According to the BIAW, Washington's workers' comp policies have played a significant role in driving employers out of the state. Boeing, for example, identified the state's workers' comp system as one of the reasons they awarded South Carolina the second production line of the 787 aircraft, Clarkson said.
However, despite pleas from the business community, critics said no changes have been made and costs have continued to spiral out of control. Employers in the state have seen workers' comp tax increases of 54 percent over the past decade and now pay the second-highest cost per employee for coverage. Late last year, officials announced that comp premiums would increase an average of 7.6 percent in 2010.
The measure, which has been endorsed by the National Federation of Independent Business, would create a Joint Legislative Task Force on Private Competition for Industrial Insurance charged with developing proposed legislation to conform current statutes to the provisions of the initiative and make recommendations by December 2011. The Legislature would then be required to adopt legislation to fully implement the policy directives by March 1, 2012.
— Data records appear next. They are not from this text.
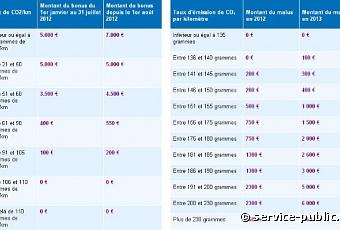 Parmi les principaux changements par rapport à 2012, le seuil de passage du bonus au malus est fixé à 140 g au lieu de 135 grammes de CO2 par kilomètre. Quant au montant maximal du malus, il est passé de 3 600 euros à 6 000 euros pour les véhicules émettant 230 grammes de CO2 ou plus par kilomètre. Concernant le bonus, le montant maximal de l'aide est monté de 5 000 à 7 000 euros. Elle peut être additionnée à un superbonus de 200 euros si l'achat s'accompagne de la destruction d'un véhicule de plus de quinze ans (voir détail du barème, ci-dessous).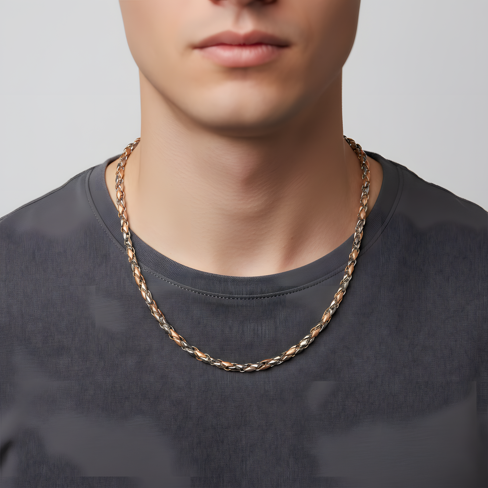 A sophisticated chain with a complex, woven-link pattern that offers a substantial feel and premium masculine aesthetic.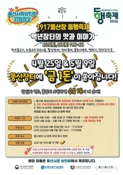 안동시 풍산시장이 100년의 시간을 거슬러 올라가 옛 장터의 활기를 재현한다. 안동시는 오는 4월 25일(토)과 5월 9일(토) 이틀간 풍산장터 일원에서 ‘1917 풍산장 동행축제 「백년장터의 맛과 이야기」’를 개최한다. 이번 축제는 1917년부터 이어온 풍산장의 역사성을 알리고, 소상공인과 소비자가 함께 즐기는 상생의 장으로 마련됐다. 축제 기간 풍산장터는 과거로 여행을 떠난 듯한 이색적인 풍경으로 채워진다. ‘1917 주막거리’에서는 안동소주와 한우 불고기, 장터국밥 등 풍산만의 먹거리를 시음하거나 맛볼 수 있으며, ‘장돌뱅이 장터’에서는 보부상 프리마켓과 엿장수, 뻥튀기 등 추억의 주전부리가 관람객을 맞이한다. 이와 함께 국악 공연, 즉석 노래자랑, 장터 버스킹 등이 어우러진 ‘1917 장터공연’이 축제의 흥을 돋울 예정이다. 방문객들을 위한 파격적인 혜택과 이벤트도 풍성하다. 축제 전용 엽전(쿠폰) 구매 시 20% 할인 교환 이벤트가 진행돼 알뜰한 장보기가 가능하며, 장터 경매와 흥정 이벤트 등 전통시장만의 재미를 살린 프로그램도 운영된다. 특히 풍산읍 중심상권에서 3만 원 이상 구매한 영수증을 지참하면 ‘순금 1돈’의 주인공이 될 수 있는 경품 응모

In addition to increasing competition in the workers' comp market, the measure would also eliminate the worker-paid share of workers' comp taxes. Washington is the only state that allows employers to deduct a portion of workers' comp taxes from employee's wages. The initiative would require employers to pay the full amount.
"Monopolies don't work, especially government monopolies," Clarkson said. "Monopolies breed incompetence, inefficiency and lack of accountability. Forty-six states have figured this out; it is time for Washington to do the same."